The observations of this problem can be developed through working out cases by hand (which, you may have realised by now, is a powerful technique).

For the sake of convenience, the array \(C\) will be one-indexed (\(C_1\) will be the first element).

Suppose the indices \(i\) and \(j\) were the left and right elements of an optimal pair. Then,

• All the elements \(C_1\) to \(C_{i-1}\) must be larger than \(i\).
• All the elements \(C_{j+1}\) to \(C_N\) must be larger than \(j\).

Otherwise, we would be able to move \(i\) further to the left or \(j\) further to the right and be able to afford the longer mission! If a mission is the longest it can possibly be, this should not be able to happen.

You may have noticed that the diagram did not show the best possible range, which is from the second to the tenth. In fact, there also exist other ranges of \((i,\,j)\) which satisfy our property but are not the longest.

As a result, if \(C_i\) is not smaller than all of the elements before it, then we do not need to consider it as a starting point. Similarly, if \(C_j\) is not smaller than all of the elements after it, then we do not need to consider it as an ending point.

What we can do is collect the indices of all of the good starting points and all of the good ending points into two lists.

At this point, we can compare each starting point to each ending point. This allows us to solve subtask 2, since there will be at most 100 starting and ending points in this subtask. We just have remove the elements in the array that are larger than or equal to F first.

This is less of an "observation", and more of an inbuilt property in the two lists we have made. The list of valid start points is in descending order of value, and the list of valid end points is in ascending order of value (provided that you insert the elements in the original order).

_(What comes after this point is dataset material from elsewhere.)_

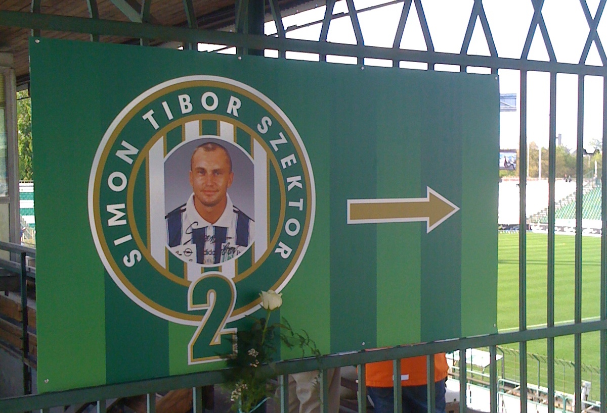 A zöld-fehérek korábbi válogatott védőjének fia, ifjabb Simon Tibor, illetve a klub elnöke, Kubatov Gábor közösen rögzítették a szektor bejáratánál azt a táblát, amellyel a kemény stílusáról és hatalmas munkabírásáról elhíresült játékosra emlékeznek.
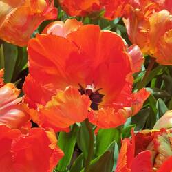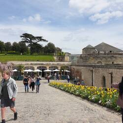 Die Wege wurden von Bäumen gesäumt, die entweder weiß, rosa-weiß oder rot blühten, vor allem die japanische 🌸 Kirsche war dominierend. Gepflegter Rasen und in diesen hinein Frühblüher gelegt. Traubenhyazinten, Narzissen, Osterglocken, Tulpen. Gepflanzt im bunten Mix, hoch-tief Variationen, ähnliche Farbtöne, Kontrastfarben, bodendeckende Tulpen und gigantische Vaiationen.

Since for each possible ending point, we have to take the furthest possible starting point, as we iterate through ending points, the furthest possible starting point we take must slowly move further along the list. This means that we can run a single for loop to iterate over the ending list, and keep track of the furthest starting position simply by checking if the previous furthest starting position is still valid.

Code

infile = open("spacein.txt", "r")
outfile = open("spaceout.txt", "w")

Ns, Fs = infile.readline().split(" ")
N, F = int(Ns), int(Fs)
C = [int(infile.readline()) for i in range(N)]

starts = []
ends = []

# Find valid starting points
for i, val in enumerate(C):
    if not starts or val < starts[-1][0]:
        starts.append((val, i))

# Find valid ending points
for i, val in reversed(list(enumerate(C))):
    if not ends or val < ends[-1][0]:
        ends.append((val, i))

# Reverse ends to get original order
ends = ends[::-1]

# Store answer
ans = -1
# Store the previous "best starting point"
prev_start = 0

for val, i in ends:
    # Update the position of the "best starting point"
    while prev_start < len(starts) and val + starts[prev_start][0] > F:
        prev_start = prev_start + 1

    # If the output is a valid mission, record its length in the answer
    if prev_start < len(starts) and val + starts[prev_start][0] <= F:
        ans = max(ans, i - starts[prev_start][1] + 1)

# We cannot launch and exit on the same day
if ans == 1:
    ans = -1

outfile.write(str(ans) + "\n")